- [TASK GOAL]: The output should be exactly the lines from the one containing "old postcard Tampere" through the last line of the records, and only those.

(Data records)
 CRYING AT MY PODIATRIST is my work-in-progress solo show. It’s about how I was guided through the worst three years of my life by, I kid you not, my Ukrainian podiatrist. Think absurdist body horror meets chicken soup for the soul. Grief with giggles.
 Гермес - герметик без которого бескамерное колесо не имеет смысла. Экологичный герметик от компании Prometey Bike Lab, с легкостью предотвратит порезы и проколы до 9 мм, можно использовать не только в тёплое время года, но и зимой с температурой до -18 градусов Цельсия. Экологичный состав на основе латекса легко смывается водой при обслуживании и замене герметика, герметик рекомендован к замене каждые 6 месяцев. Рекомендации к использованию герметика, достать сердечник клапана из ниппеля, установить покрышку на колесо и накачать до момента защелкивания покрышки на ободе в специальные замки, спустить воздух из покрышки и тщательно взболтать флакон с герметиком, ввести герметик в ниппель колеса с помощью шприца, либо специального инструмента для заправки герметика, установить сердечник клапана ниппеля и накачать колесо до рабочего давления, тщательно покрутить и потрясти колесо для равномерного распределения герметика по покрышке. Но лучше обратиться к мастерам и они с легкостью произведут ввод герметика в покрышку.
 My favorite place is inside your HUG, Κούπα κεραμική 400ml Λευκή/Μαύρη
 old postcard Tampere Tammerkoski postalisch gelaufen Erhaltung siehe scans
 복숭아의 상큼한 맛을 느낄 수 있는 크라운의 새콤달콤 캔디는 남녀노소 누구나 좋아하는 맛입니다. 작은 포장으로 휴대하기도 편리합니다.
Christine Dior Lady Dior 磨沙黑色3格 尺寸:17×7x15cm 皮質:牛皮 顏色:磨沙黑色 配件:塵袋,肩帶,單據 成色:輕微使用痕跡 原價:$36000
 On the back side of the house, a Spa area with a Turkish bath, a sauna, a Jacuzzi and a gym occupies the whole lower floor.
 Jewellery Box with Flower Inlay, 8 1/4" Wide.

- [EXERCISE RESULT]:
 old postcard Tampere Tammerkoski postalisch gelaufen Erhaltung siehe scans
 복숭아의 상큼한 맛을 느낄 수 있는 크라운의 새콤달콤 캔디는 남녀노소 누구나 좋아하는 맛입니다. 작은 포장으로 휴대하기도 편리합니다.
Christine Dior Lady Dior 磨沙黑色3格 尺寸:17×7x15cm 皮質:牛皮 顏色:磨沙黑色 配件:塵袋,肩帶,單據 成色:輕微使用痕跡 原價:$36000
 On the back side of the house, a Spa area with a Turkish bath, a sauna, a Jacuzzi and a gym occupies the whole lower floor.
 Jewellery Box with Flower Inlay, 8 1/4" Wide.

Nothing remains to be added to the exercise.